START EXTRACTED DATA
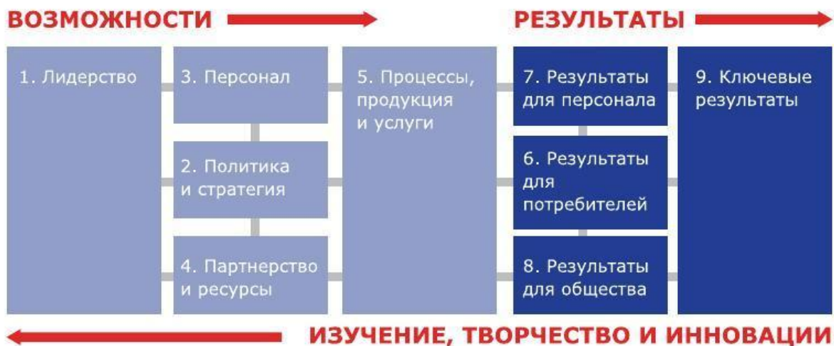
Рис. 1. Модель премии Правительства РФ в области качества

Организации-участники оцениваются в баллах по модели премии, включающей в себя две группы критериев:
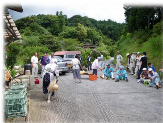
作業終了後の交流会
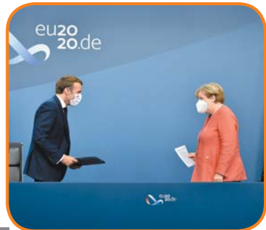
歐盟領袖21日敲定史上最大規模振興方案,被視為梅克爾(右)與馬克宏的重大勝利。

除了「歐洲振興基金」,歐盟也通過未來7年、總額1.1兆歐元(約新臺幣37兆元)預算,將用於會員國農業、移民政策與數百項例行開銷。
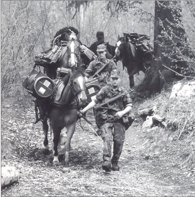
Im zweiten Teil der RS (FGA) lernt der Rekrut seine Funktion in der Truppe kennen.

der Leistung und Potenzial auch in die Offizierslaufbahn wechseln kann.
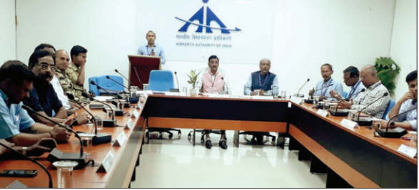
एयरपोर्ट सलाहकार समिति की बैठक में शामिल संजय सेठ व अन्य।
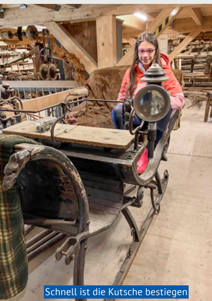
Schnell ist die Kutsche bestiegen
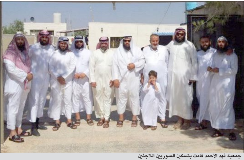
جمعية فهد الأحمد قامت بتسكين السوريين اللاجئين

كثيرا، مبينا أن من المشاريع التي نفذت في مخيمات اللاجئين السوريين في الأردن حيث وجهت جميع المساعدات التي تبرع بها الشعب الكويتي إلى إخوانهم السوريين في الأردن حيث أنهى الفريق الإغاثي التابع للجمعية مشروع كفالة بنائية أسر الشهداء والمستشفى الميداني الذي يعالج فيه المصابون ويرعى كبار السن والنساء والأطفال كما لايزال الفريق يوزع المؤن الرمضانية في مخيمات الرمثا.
END EXTRACTED DATA
## TRY IT
An exact copy is needed of the entries above, starting at the line that holds "歐盟領袖21日敲定史上最大規模振興方案,被視為梅克爾(右)與馬克宏的重大勝利。" and stopping at the line that holds "جمعية فهد الأحمد", both kept; pictures stay out.

## RESPONSE AREA
歐盟領袖21日敲定史上最大規模振興方案,被視為梅克爾(右)與馬克宏的重大勝利。

除了「歐洲振興基金」,歐盟也通過未來7年、總額1.1兆歐元(約新臺幣37兆元)預算,將用於會員國農業、移民政策與數百項例行開銷。
Im zweiten Teil der RS (FGA) lernt der Rekrut seine Funktion in der Truppe kennen.

der Leistung und Potenzial auch in die Offizierslaufbahn wechseln kann.
एयरपोर्ट सलाहकार समिति की बैठक में शामिल संजय सेठ व अन्य।
Schnell ist die Kutsche bestiegen
جمعية فهد الأحمد قامت بتسكين السوريين اللاجئين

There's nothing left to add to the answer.